Write out the entries below exactly, but only from the line containing "Alimento completo equilibrado" through the line containing "辽宁省抚顺市清原县一大法弟子携全家人恭贺世界大法日暨师尊华诞!", and without the pictures.

- Information supplied:
━━━━━━
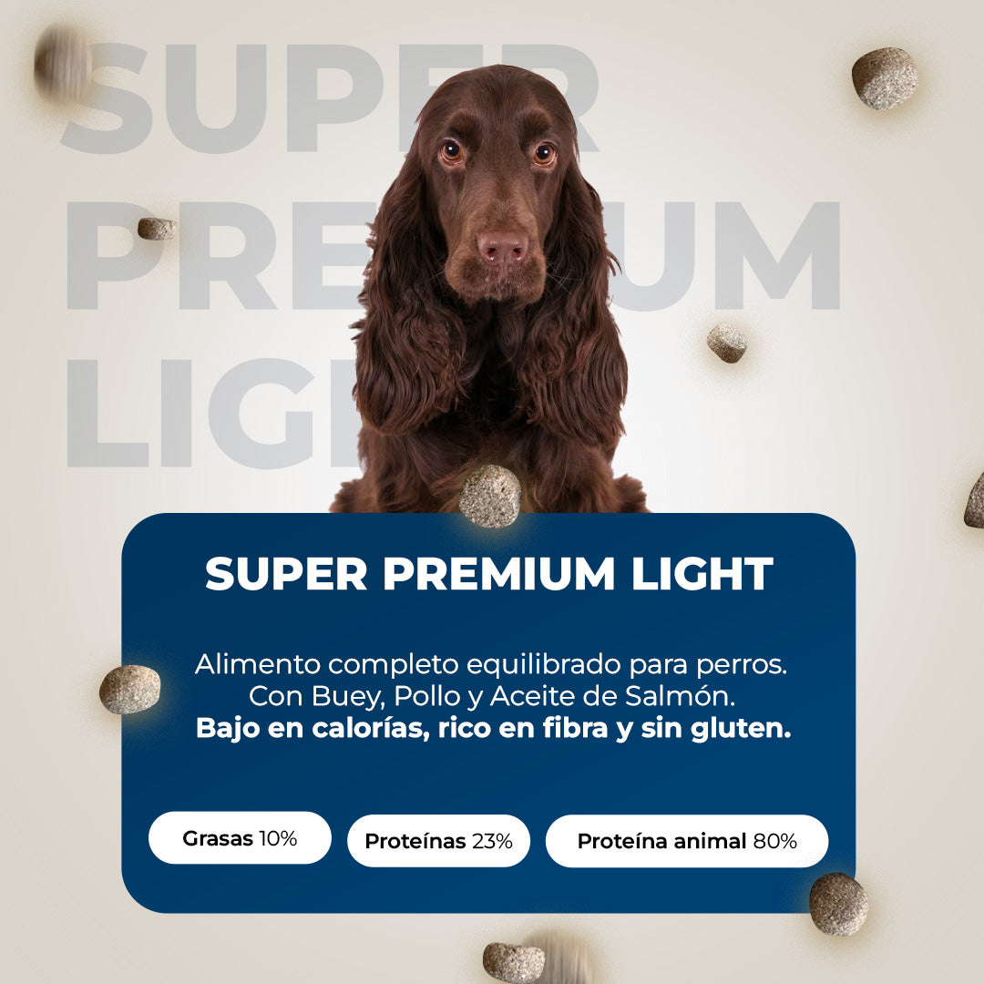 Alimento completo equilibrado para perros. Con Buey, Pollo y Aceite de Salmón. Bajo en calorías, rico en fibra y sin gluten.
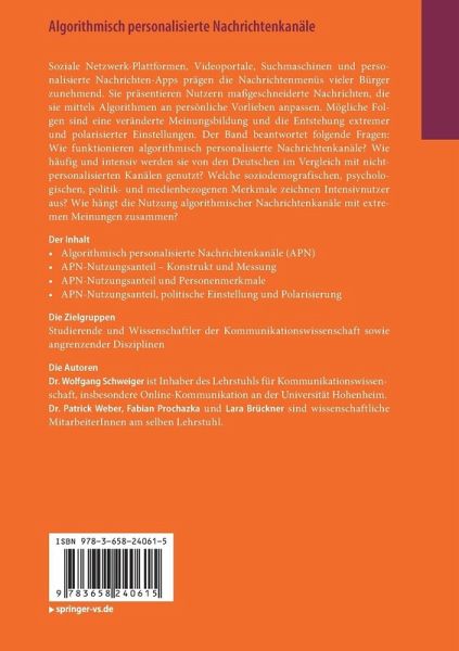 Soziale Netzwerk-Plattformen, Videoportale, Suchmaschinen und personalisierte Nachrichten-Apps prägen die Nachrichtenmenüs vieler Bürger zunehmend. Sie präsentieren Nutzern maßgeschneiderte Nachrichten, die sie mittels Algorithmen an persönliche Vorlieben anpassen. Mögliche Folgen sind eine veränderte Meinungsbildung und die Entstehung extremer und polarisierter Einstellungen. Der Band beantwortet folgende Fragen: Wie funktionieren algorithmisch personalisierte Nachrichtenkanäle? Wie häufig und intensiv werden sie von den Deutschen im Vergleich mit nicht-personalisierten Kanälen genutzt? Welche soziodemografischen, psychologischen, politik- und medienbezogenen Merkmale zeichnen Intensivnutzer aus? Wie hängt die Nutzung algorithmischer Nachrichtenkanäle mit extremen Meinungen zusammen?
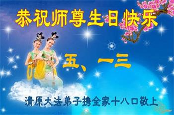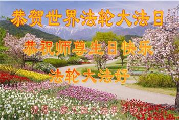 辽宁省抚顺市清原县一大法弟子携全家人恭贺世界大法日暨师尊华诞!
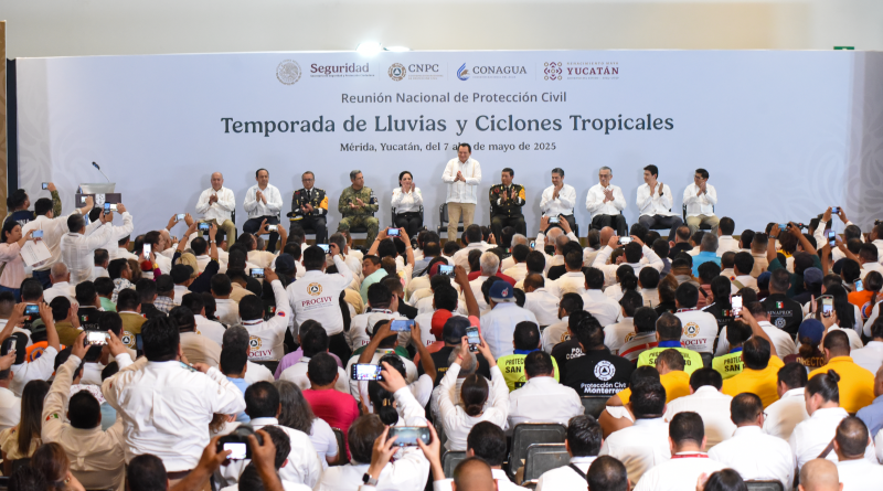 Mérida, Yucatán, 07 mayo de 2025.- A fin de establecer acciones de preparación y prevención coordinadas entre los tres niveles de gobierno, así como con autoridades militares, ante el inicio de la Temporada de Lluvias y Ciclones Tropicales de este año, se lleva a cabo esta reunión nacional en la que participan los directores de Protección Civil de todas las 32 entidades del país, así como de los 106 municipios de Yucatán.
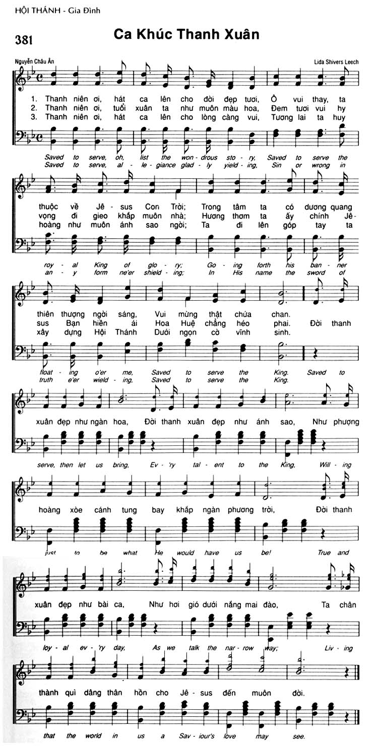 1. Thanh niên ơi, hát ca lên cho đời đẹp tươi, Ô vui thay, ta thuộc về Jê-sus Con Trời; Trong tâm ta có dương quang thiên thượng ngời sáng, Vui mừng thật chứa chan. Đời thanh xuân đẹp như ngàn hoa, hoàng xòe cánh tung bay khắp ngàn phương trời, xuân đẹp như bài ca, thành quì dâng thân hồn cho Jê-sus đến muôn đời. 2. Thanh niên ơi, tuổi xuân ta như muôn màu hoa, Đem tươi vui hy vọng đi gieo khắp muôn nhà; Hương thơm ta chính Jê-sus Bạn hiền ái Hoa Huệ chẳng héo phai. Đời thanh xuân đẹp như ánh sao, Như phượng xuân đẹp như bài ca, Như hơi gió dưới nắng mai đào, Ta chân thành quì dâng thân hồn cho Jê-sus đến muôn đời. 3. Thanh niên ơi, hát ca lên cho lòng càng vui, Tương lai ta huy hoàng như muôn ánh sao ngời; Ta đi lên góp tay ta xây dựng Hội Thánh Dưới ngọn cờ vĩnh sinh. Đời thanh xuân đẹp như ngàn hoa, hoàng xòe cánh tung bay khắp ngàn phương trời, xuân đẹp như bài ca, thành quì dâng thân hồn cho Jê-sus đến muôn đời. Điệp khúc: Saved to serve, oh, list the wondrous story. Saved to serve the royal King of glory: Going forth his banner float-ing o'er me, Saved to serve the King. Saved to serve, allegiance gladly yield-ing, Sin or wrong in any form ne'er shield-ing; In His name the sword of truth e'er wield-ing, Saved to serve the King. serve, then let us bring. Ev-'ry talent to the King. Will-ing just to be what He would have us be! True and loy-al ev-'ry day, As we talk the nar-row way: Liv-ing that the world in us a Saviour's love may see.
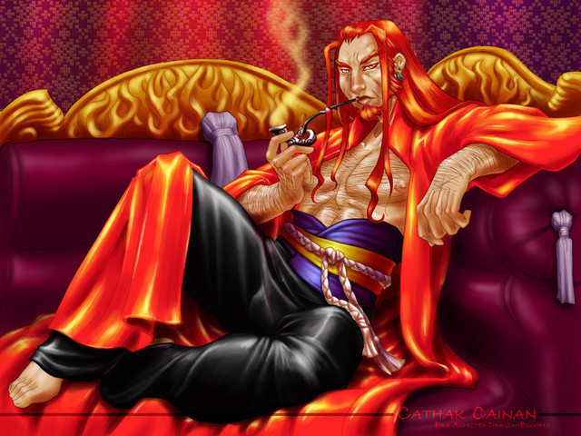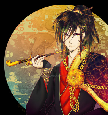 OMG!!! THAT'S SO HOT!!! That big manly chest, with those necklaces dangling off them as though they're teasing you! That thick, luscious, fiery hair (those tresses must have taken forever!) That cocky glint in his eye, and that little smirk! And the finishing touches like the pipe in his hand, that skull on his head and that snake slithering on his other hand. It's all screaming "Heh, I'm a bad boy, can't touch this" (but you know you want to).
━━━━━━
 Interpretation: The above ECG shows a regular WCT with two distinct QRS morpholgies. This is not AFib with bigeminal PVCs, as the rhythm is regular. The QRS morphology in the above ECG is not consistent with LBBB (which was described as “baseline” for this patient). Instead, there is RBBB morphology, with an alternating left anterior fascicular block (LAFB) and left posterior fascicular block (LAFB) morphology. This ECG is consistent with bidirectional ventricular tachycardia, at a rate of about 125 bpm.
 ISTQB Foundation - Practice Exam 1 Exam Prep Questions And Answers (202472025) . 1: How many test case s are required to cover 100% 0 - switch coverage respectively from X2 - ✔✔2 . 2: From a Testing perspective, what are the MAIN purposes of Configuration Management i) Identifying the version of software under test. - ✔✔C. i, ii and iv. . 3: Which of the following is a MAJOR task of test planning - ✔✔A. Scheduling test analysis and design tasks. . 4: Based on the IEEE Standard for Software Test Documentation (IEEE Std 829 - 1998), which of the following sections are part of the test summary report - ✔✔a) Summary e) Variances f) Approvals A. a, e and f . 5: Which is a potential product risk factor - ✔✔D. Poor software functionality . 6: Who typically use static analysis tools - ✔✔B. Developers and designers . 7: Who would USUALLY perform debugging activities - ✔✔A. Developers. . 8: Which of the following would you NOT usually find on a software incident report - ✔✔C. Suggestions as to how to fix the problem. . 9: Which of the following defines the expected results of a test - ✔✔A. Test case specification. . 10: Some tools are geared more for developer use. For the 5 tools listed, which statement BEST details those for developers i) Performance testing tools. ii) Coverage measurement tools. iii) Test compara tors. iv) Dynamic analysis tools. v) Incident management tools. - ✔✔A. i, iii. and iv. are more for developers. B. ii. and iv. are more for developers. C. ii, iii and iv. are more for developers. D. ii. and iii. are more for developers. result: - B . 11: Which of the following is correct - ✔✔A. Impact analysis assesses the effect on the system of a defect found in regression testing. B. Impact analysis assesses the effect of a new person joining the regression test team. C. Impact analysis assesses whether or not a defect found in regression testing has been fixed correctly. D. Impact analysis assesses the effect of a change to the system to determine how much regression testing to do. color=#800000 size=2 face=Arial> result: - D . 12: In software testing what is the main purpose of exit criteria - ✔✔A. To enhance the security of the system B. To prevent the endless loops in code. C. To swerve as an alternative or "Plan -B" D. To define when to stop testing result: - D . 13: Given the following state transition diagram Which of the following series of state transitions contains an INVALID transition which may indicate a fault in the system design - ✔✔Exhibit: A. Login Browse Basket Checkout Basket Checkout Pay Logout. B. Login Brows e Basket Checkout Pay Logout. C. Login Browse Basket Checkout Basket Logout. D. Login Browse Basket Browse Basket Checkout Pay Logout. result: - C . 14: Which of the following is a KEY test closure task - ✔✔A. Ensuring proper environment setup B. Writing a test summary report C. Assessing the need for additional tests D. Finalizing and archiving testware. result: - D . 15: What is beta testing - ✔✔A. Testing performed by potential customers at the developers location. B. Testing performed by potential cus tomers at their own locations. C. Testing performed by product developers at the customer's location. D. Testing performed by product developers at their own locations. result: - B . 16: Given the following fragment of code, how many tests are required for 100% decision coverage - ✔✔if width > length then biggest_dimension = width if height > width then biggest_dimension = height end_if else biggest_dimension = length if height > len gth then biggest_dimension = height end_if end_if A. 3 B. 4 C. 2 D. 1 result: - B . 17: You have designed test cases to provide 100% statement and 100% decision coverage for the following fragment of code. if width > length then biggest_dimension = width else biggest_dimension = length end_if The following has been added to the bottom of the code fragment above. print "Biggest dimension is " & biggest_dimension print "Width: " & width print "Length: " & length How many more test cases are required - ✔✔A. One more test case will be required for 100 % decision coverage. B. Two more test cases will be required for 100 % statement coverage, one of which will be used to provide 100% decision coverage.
━━━━━━
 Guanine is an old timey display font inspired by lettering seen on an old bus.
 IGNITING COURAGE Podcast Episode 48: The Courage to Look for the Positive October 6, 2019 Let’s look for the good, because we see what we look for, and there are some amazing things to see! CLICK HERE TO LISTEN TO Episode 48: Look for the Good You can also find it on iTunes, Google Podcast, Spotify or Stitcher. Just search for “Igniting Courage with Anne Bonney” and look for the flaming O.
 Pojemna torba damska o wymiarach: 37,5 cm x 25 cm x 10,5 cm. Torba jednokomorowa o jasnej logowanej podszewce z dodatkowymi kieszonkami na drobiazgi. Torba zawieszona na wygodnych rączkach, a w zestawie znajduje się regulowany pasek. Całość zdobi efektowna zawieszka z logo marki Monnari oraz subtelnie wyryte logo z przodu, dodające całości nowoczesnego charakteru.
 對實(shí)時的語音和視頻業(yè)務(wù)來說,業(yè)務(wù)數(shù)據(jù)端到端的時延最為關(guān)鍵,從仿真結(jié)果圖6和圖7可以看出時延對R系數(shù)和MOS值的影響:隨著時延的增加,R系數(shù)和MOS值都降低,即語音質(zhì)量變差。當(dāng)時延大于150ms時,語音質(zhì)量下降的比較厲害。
━━━━━━
- Exercise result:
 Alimento completo equilibrado para perros. Con Buey, Pollo y Aceite de Salmón. Bajo en calorías, rico en fibra y sin gluten.
 Soziale Netzwerk-Plattformen, Videoportale, Suchmaschinen und personalisierte Nachrichten-Apps prägen die Nachrichtenmenüs vieler Bürger zunehmend. Sie präsentieren Nutzern maßgeschneiderte Nachrichten, die sie mittels Algorithmen an persönliche Vorlieben anpassen. Mögliche Folgen sind eine veränderte Meinungsbildung und die Entstehung extremer und polarisierter Einstellungen. Der Band beantwortet folgende Fragen: Wie funktionieren algorithmisch personalisierte Nachrichtenkanäle? Wie häufig und intensiv werden sie von den Deutschen im Vergleich mit nicht-personalisierten Kanälen genutzt? Welche soziodemografischen, psychologischen, politik- und medienbezogenen Merkmale zeichnen Intensivnutzer aus? Wie hängt die Nutzung algorithmischer Nachrichtenkanäle mit extremen Meinungen zusammen?
 辽宁省抚顺市清原县一大法弟子携全家人恭贺世界大法日暨师尊华诞!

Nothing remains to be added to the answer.